Mathematics OpenStudy (anonymous):

Evaluate the indefinite integral cos(x)/7sin(x)+35 OpenStudy (amistre64):

$\frac{cos(x)}{7sin(x)}+35$ this? OpenStudy (amistre64):

or is the 35 tucked under as well? OpenStudy (anonymous):

the 35 is tucked under as well OpenStudy (amistre64):

$\frac{1}{7}\frac{cos}{sin+5}$is the same then correct?
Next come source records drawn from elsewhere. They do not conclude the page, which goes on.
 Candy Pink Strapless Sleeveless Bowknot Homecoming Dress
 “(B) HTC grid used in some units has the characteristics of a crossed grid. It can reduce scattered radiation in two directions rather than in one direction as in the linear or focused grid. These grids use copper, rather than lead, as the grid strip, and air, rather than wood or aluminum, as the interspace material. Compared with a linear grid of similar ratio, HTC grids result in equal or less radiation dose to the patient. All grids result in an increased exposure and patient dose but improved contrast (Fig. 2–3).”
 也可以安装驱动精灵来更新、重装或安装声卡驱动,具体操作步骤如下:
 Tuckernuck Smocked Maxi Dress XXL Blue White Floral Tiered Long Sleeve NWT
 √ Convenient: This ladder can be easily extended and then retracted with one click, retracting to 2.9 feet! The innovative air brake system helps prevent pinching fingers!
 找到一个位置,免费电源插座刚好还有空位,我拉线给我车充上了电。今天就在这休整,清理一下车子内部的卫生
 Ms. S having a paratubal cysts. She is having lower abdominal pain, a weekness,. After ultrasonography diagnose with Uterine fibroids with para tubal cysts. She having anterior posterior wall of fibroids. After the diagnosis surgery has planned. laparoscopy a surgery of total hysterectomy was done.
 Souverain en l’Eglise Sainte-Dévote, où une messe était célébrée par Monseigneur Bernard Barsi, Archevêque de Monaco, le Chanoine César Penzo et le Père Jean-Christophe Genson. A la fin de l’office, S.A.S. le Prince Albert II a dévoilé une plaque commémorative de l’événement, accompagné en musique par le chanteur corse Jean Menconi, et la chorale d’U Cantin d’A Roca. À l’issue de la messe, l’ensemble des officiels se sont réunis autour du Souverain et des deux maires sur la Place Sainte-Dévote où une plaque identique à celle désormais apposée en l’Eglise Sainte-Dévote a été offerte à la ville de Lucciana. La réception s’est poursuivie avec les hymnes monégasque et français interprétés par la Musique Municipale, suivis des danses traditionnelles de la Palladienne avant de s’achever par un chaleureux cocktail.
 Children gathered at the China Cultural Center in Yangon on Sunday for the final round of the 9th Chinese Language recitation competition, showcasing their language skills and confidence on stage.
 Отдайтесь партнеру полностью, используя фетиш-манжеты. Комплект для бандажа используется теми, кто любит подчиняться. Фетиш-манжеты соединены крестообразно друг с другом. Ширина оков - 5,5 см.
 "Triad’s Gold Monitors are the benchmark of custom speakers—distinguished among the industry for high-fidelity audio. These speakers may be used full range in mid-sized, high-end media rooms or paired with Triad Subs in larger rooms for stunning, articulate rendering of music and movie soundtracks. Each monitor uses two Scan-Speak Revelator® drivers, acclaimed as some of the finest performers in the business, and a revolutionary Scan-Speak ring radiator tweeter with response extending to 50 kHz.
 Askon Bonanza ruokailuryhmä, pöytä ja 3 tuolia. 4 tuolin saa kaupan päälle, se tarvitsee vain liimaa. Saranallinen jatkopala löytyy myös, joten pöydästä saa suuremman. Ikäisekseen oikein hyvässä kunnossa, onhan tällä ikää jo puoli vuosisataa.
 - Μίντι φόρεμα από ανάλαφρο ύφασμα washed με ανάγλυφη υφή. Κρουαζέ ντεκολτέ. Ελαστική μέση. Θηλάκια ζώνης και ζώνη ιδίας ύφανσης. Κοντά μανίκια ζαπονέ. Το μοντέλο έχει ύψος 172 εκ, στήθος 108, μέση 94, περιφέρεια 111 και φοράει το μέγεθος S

OpenStudy (anonymous):

yes myininaya (myininaya):

let u=denominator du= 7cos(x) dx OpenStudy (amistre64):

notice that the top is the derivative of the bottom; so we get a 1/x type setup OpenStudy (amistre64):

$\frac{1}{7}\int\frac{Dx(sin+5)}{sin+5}=?$ OpenStudy (anonymous):

ok so i will get $1/7(\sin(x))+5$? OpenStudy (amistre64):

recall that:$Dx(ln(x))=\frac{Dx}{x}$ OpenStudy (amistre64):

or some such notation :) OpenStudy (anonymous):

so 1/7(ln(x))+5 I'm still a little lost OpenStudy (amistre64): OpenStudy (amistre64):

let me try this way OpenStudy (amistre64):

$\frac{d}{dx}({ln(x)})=\frac{dx}{x}\text{; where dx is the derivative of "x"}$ $\frac{d}{dx}(sin(x)+5)=cos(x)$ $\int \frac{cos(x)}{sin(x)+5}\text{ is similar to form as }\int \frac{dx}{x}$ $\int \frac{dx}{x+5}=ln|x+5|+C$ $\int \frac{cos(x)}{sin(x)+5}=ln|sin(x)+5|+C$ OpenStudy (amistre64):

but lets not forget the 1/7 we took out OpenStudy (amistre64):

$\frac{1}{7}ln|sin(x)+5|\ +C$ OpenStudy (anonymous):

ok i got it. Thank you so much OpenStudy (amistre64):

youre welcome, just gotta recall those derivative rules :)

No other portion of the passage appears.